Store results by search term, not session ID
by perrin (Chancellor) on May 09, 2002 at 20:49 UTC
    This is a mistake that many beginning web developers make. In fact, I have recently seen some outrageously paid Java consultants make the same mistake.

    Users can -- and do -- open multiple browser windows when working with your site. A session ID stored in a cookie is global to all browser windows. This means that if a user has two windows open with different searches going in them, paging trough the results will not work. One search will overwrite the other.

    The right way to cache results is to do it based on the actual search input. Previous posters discussed how to do it, so I'm just adding a why.

    Of course you will probably need to find a new search method soon if you're using a SQL "LIKE" clause to implement it, but at least caching will make paging through results reasonably fast.

      If drive space is not an issue on the database server, is there harm in making a temp table in the following format?

      - search criteria
      - result column 1
      - result column 2
      . . .

      The reason I ask being that my search results will always have the same column names and ordering.

      And, as for storing the criteria in the table, I imagine I can consolidate it into some sort of string like:
      type=name;criteria1=this;criteria2=that;criteria3=blah

      then index that field, consolidate a query into that format, and see if I get a match in the database?
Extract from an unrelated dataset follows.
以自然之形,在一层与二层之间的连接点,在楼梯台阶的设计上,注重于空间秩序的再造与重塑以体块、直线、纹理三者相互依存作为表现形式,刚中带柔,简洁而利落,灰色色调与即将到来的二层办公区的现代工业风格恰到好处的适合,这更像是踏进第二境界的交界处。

If not, cache some more data?

      Thanks for the help thus far :)
      MrCromeDome

        Hmmm... I had a reply node here and it seems to have been erased when I replied to ask below in the same thread. Very strange.

        Anyway, the gist of it was that you can use the table structure you suggested or serialize the whole result data structure into a blob column using Storable.
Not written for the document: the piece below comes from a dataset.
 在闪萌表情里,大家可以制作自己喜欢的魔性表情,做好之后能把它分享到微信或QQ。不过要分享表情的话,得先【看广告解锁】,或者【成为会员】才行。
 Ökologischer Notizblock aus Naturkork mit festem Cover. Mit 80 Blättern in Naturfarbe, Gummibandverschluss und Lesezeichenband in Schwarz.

        Also, make if your search criteria are in a hash make sure you sort them before you use them as the result key. Hashes can return their keys in a different order, even when the keys are identical.
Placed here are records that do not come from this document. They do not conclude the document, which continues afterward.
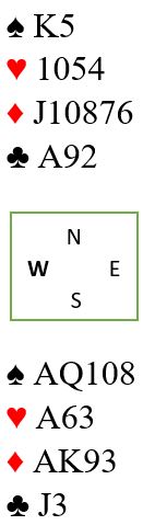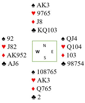 Isolert sett bør en sånn ruterfarge toppes. Det skal dog ikke mye til før det er riktig å legge ned en honnør før man går over til den andre siden for å ta finessen. Det kan være bra spilt hvis man har tro på at den som en eventuelt tar finessen gjennom har lengde i den fargen som skal løses. Her har vest femkorts hjerter mens øst har kun to. Det med «ledige plasser» tilsier derfor at øst er litt favoritt til å ha lengde i ruter. Men du vet ingen ting om lengden i de andre fargene, og dessuten er det en meget god grunn til å slå fra seg den fristende, men risikable ruterfinessen. For kontrakten er bombesikker med kun fire ruterstikk hvis vest som nå har tre godspilte hjerterstikk ikke får komme inn. Derfor bestemmer du deg for å denge ned de to ruterhonnørene. Hvis vest har maks tokorts ruter er utgangen sikker. Om øst har damen tredje må du i så fall gi bort ett stikk i ruter, men vest får ikke komme inn. Etterpå er det ni sikre, og fortsatt mulighet for overstikk.
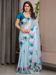 The fabric offers a smooth texture, lightweight feel, and fluid drape, ensuring effortless elegance and comfort throughout the day. This saree comes with a coordinated attached blouse in a deeper teal blue tone, designed with matching prints and a stylish back pattern that enhances the overall designer finish.
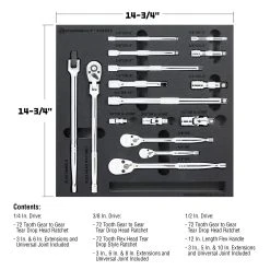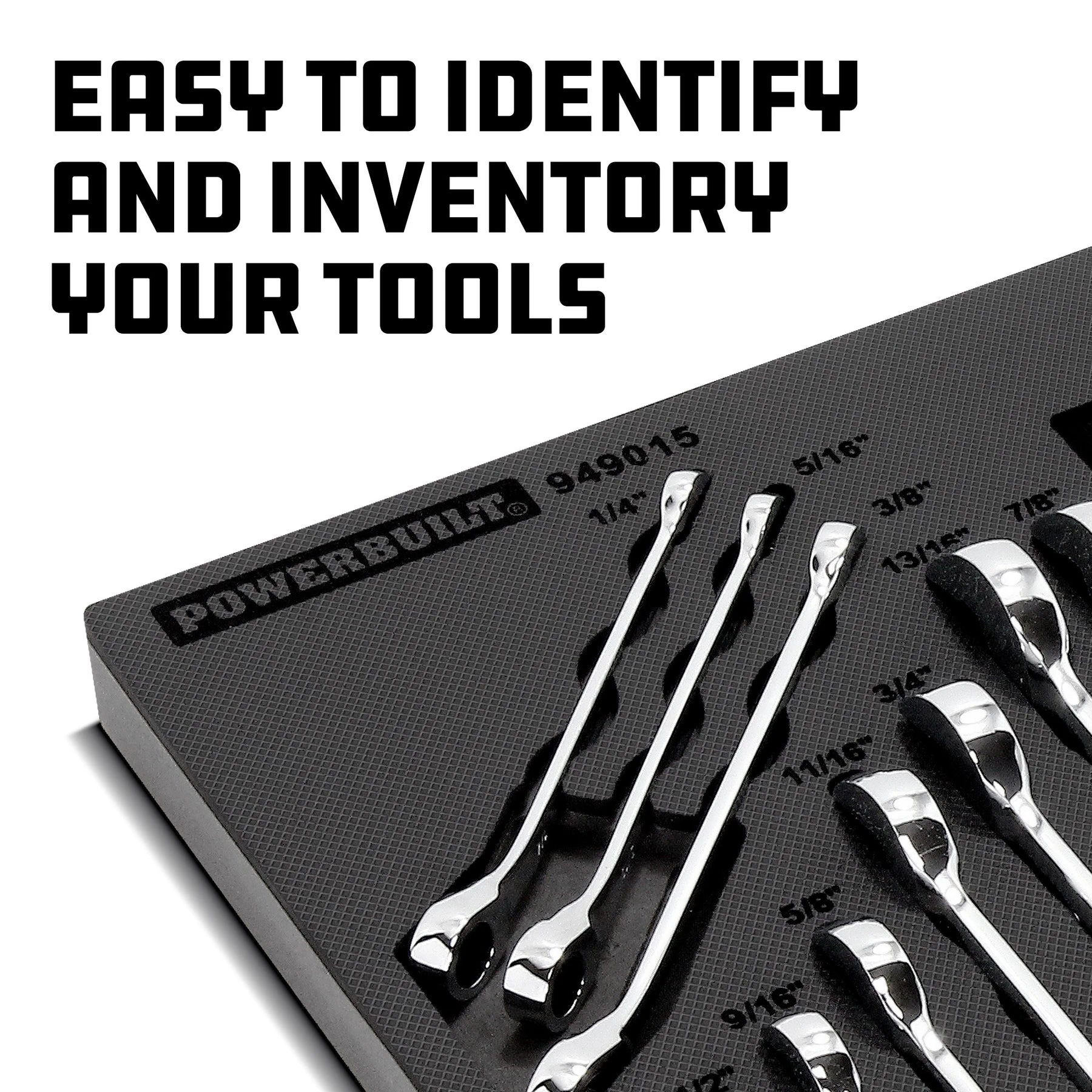 ORGANIZED DRAWER TRAY: The wrench set comes in a laser cut EVA foam tray (8-3/4 inches by 14-3/4 inches) designed to fit in toolbox drawers to keep tools organized and secure; wrench size markings on the tray are great for organization and a quick inventory
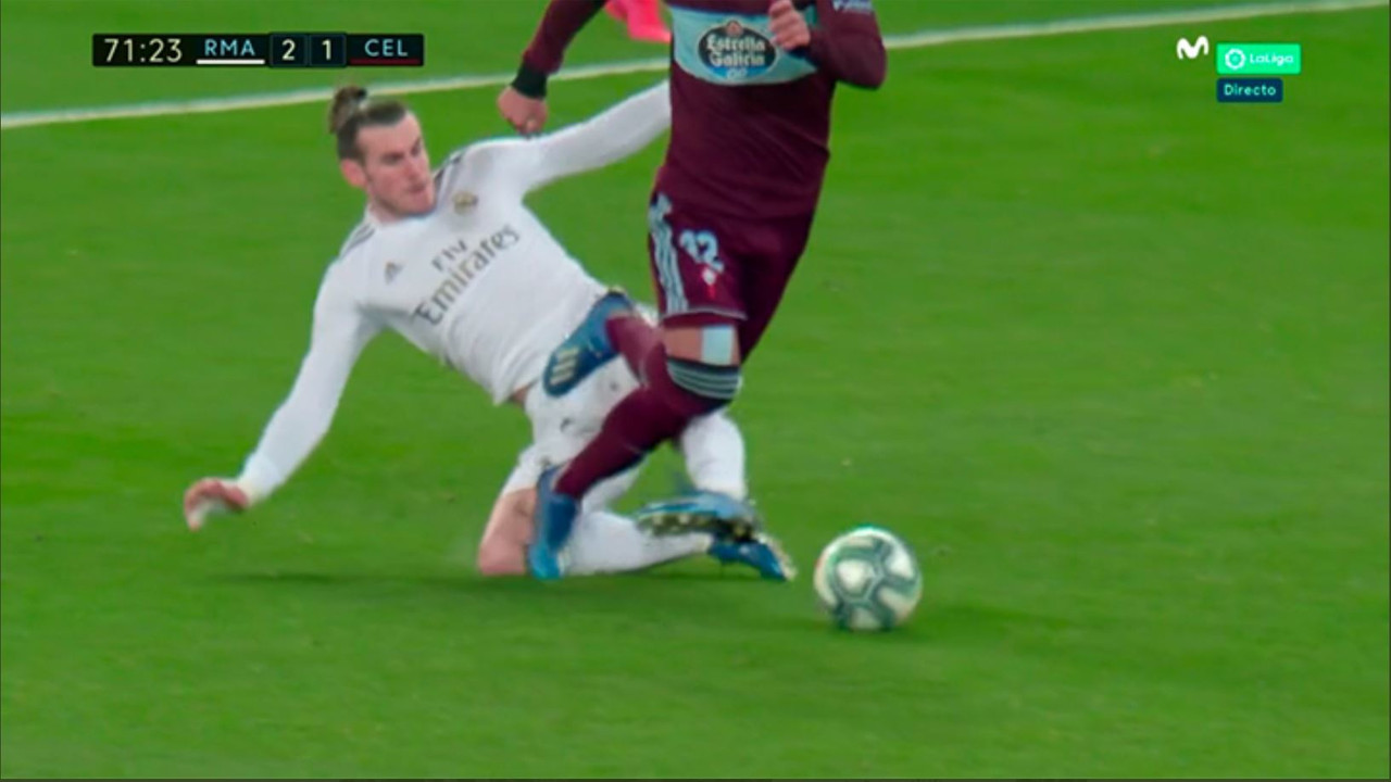 가레스 베일은 셀타 비고전에서 72분경 하피냐에게 태클을 걸어 파울을 범했고 로하스 주심은 옐로 카드를 꺼냈다.

      I am amazed that noone else suggested that. Sites using session ids to make searches faster sucks. Blah!

       - ask

      -- 
      ask bjoern hansen, http://ask.netcetera.dk/   !try; do();
      
        Yeah, when these Java consultants did that in a search they built for the company I work for, I was amazed. I called them on their mistake and they first claimed it wasn't a problem and then claimed that it was our fault for not specifying in the contract that they had to support multiple browser windows! (The old "spec was bad" defense.)

        I think the problem in their case came from how much the Java servlet session interface looks like a cache. It's very tempting to just cache things in it rather than build your own proper cache. This is something to be wary of with Apache::Session too.

        (Incidentally, some of the other posters did mention the idea of using the search terms instead of the session. They just weren't as clear about why.)

Re: Database searches with persistent results via CGI
by Anonymous Monk on May 09, 2002 at 22:52 UTC
    I have written a similar search to the one you describe, this is the approach I took.

    1. build an indexer which takes all the words used in the search and put them into a table with these columns.

    word, record_id, word_count, word_in_title

    word == the word itself
    record_id == where the word points to
    word_count == frequency of word in document
    word_in_title == does word exist in title

    searching for terms than goes like this( notice that I only put the % at the end of the like so it will still use an index! )

    select record_id, sum(word_count), max(word_in_title) from TABLE where word like '$word%' group by record_id

    if the user searches for multiple words than run the above statement multiple times and sum them up by record_id.

    Spit them back out by the max word_count.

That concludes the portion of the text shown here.